Five was when it all went horribly wrong. It was already bad enough but little did I know or could ever comprehend was just how bad it would get, year on year until now, aged 48 when the pain is indescribable.

At 5, I was a child far older than my years.

Far older than my years? What on earth does that actually mean? Well, it meant that when I looked at you, you knew immediately that the eyes you were staring into were conveying a pain that you barely knew existed and that was before it got any worse.

My Mother, my beautiful crazy Mother had been impregnated by a smooth, handsome bad boy who really didn’t give a damn about her or anyone. She was only 22 and he was her first love. I don’t really know any of the details, which is probably just as well but can only imagine that having fallen hook, line and sinker for this man, she wasn’t thinking about the long term consequences of unprotected sex.

So, eight months later – I was born a month prematurely – Mum was handled a screaming bundle of responsibility and was left to get on with it. There was no sign of my father. He had handed her a £20 note and told her to get me aborted.

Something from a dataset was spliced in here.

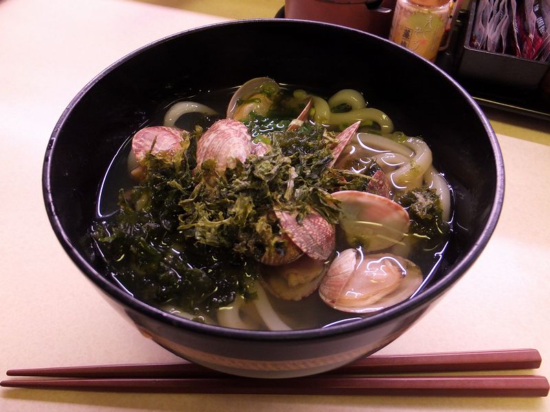 で、いただいたのがこちらのうどん。見た目も味も、塩?味のあさり汁にうどんが入り、上にアオサが掛かっているという感じでしょうか。量的にはミニサイズですが、値段を考えると味は悪くはなかったというか。

During a Mother-daughter chat when I was fifteen, my Mother relayed these heretofore unknown snippets about my auspicious beginnings and then said that she would have had me aborted but couldn’t afford to.

Nice.

Fast forward 6 weeks after my early arrival into this world and you would have then seen that screaming bundle being handed on once again to a foster mother. My foster mother. She was a widow with two children of her own and another fostered child.

Within six months my foster mother announced that she had grown too attached to me and suggested that my Mother find someone else to take me.

Mum did.

This new mother; my third in my first 6 months on the planet, was less motherly. She kept me locked in a dark room, sat naked on a potty in a filthy dirty vest daily. Maybe that explains my severe claustrophobia?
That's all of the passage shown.